The Daily Habit of Writing

Somebody let me down – it’s a long story and I don’t want to go into details because it’s boring – and I now have to write an abstract for a conference talk on the fly. I’m writing it as the Heathrow shuttle is taking me from terminal 3 to terminal 5. It’s 3:40 am where I’m from and I’ve had a total of 6,5 hours of sleep in the past 48 hours.

But it’s ok, it’s fine, it’s just an abstract. I did it, got it out of the way, and fell into Harrods. I don’t get why people romanticize these conference abstracts so. “I don’t have time to write my abstract! There’s only three weeks left!” Three weeks? In three weeks you can write the whole talk twice over and have time for extensive snooze sessions every day.

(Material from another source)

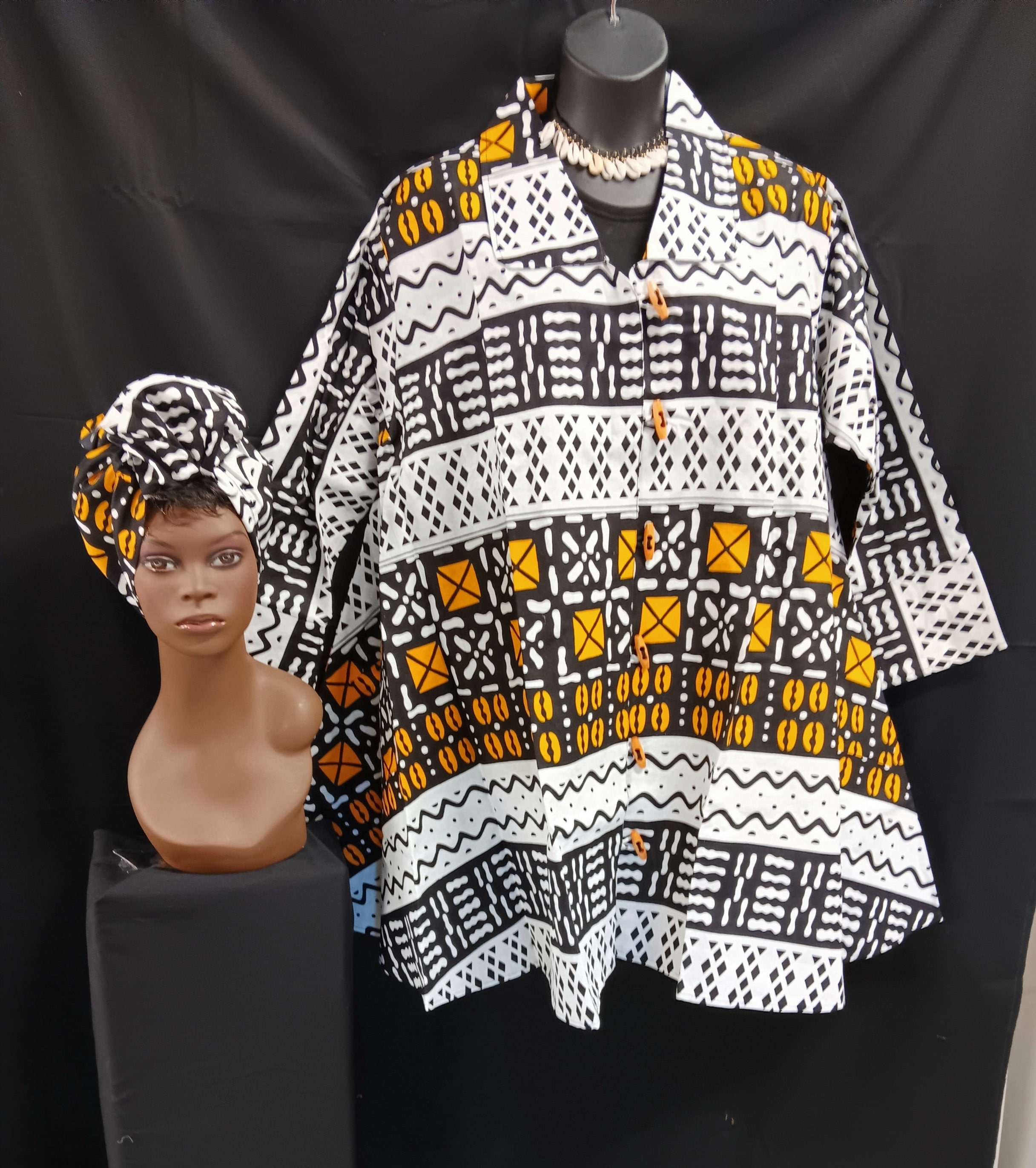 Beautiful African print Black, yellow, and white jacket dress with matching headwrap. Swing style, wooden Button down front and pockets. Garment is perfect for office causal to semi formal occasions all year-round. 100% cotton.

And it’s the same with session proposals. People bicker for weeks who’s going to write it and what it’s going to be like. I sit down and do the whole thing in 20 minutes between classes because who’s got the time to drag it out like this?

Committee documents, reports, academic service writing – it’s the same thing. I churn them out like a maniac.

The habit of daily writing is great not only because you produce a lot but also because it demystifies writing. You no longer need exotic and complex rituals to make writing possible. You just sit down (or sometimes hang off a railing on a shuttle), write, and move on.